I think the running time should be $O(n^2)$ as follow:
If the algorithm divide to three sections such that two first sections contains some constant number of elements and third sections contains all most elements then the running time will be $O(n^2)$ if the algorithm continue dividing as mentioned scenario.
-
$\begingroup$ You are giving no justification for the $O(n^2)$ behavior, except "I think". $\endgroup$user16034– user160342023年03月13日 08:12:29 +00:00Commented Mar 13, 2023 at 8:12
-
$\begingroup$ There seems to be at least one word missing from the supposition. $\endgroup$greybeard– greybeard2023年03月13日 08:49:02 +00:00Commented Mar 13, 2023 at 8:49
-
$\begingroup$ Yes, if I split n numbers into 1 / 1 / n-2 numbers then the runtime will be Theta(n^2).
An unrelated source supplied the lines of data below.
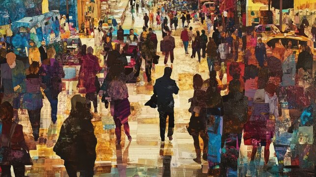 Abstract rendition capturing the hustle and bustle of urban pedestrian traffic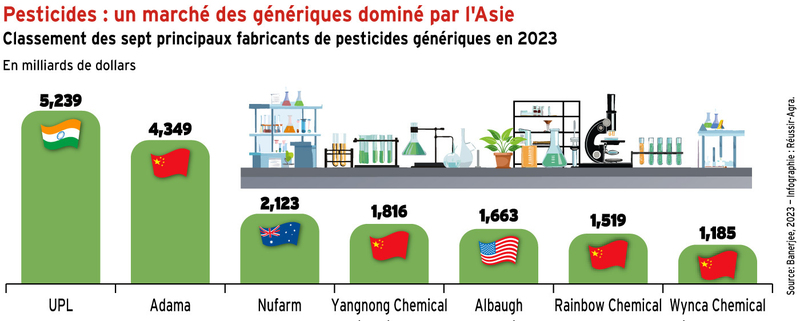 Dans une étude publiée dans la revue Journal of agrarian change, repérée par le CEP (ministère de l’Agriculture), des chercheurs suisses et américains documentent la place croissante de la Chine dans le marché des pesticides génériques, c’est-à-dire des produits comprenant des molécules dont le brevet est arrivé à échéance. Parmi les sept premiers producteurs de pesticides génériques en 2021, quatre étaient Chinois. En 2023, 39 usines usines de génériques à base de glyphosate (sur 77 dans le monde) étaient implantés en Chine (12 dans le reste de l’Asie, neuf en Inde, cinq en Europe de l’Ouest, deux aux Etats-Unis). Pour le Dicamba (interdit en Europe), deux des quatres usines dans…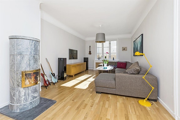 Sentralfyring ( inkludert i fellesutgifter ), samt vedovn i stuen. Det er også varmekabler på baderom og toalett.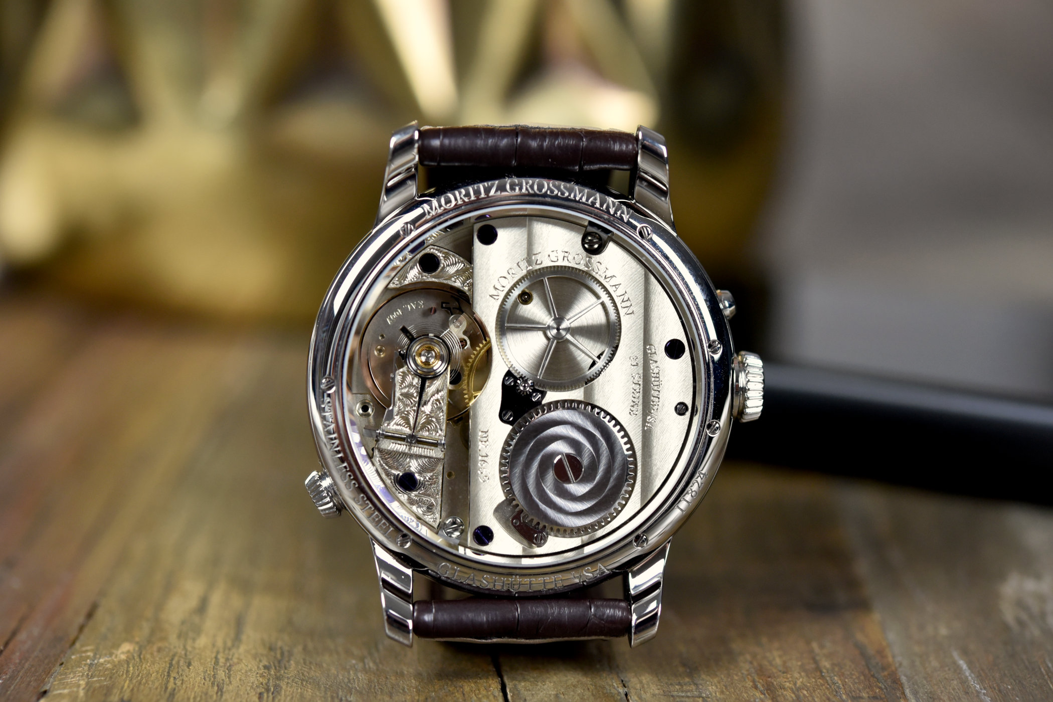 The caseback reveals the superb in-house Calibre 100.7, a hand-wound movement finished with great care. But more than words, we invite you to take a look at the video on top of this article, as it not only gives some details on the functionalities of the Moritz Grossmann Universalzeit but also will provide a deeper look at every single detail of this watch.
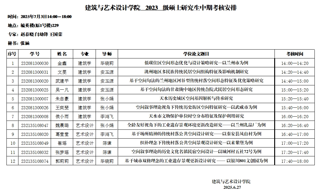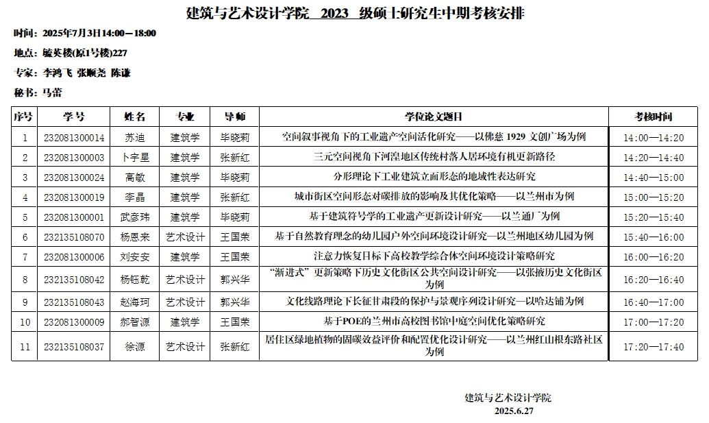建筑与艺术设计学院2023级硕士研究生中期考核安排(建筑学、艺术设计)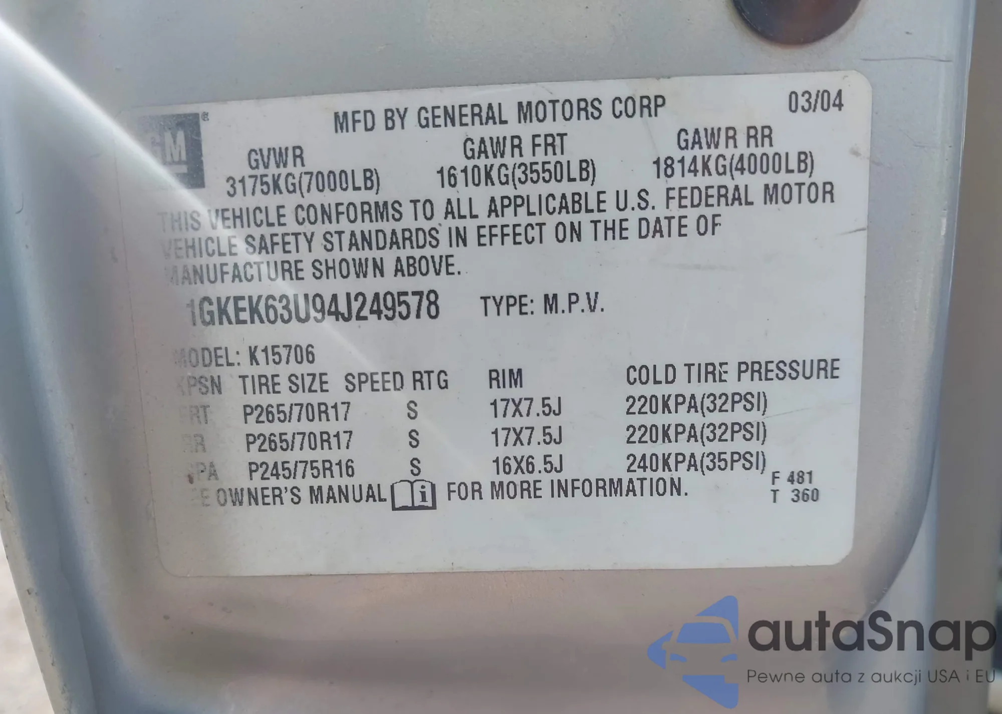 VIN: 1GKEK63U94J249578

But that would be utterly stupid. $\endgroup$gnasher729– gnasher7292023年03月13日 09:08:34 +00:00Commented Mar 13, 2023 at 9:08
2 Answers 2
The linlogarithmic behavior of MergeSort is due to the fact that the size of the subsets decreases geometrically rather than arithmetically, so that the number of passes over the whole data is logarithmic.
You might very well roll a modified MergeSort that subdivides in fractions $\frac12,\frac13,\frac16$ and keep the same complexity.
But if we pursue your idea of handling subarrays of constant size, the archetypal algorithm that you obtain is StraightInsertionSort (recursively split $n$ in $n-1$ and 1ドル$ sizes), that notoriously has an $O(n^2)$ behavior, because the number of passes is linear.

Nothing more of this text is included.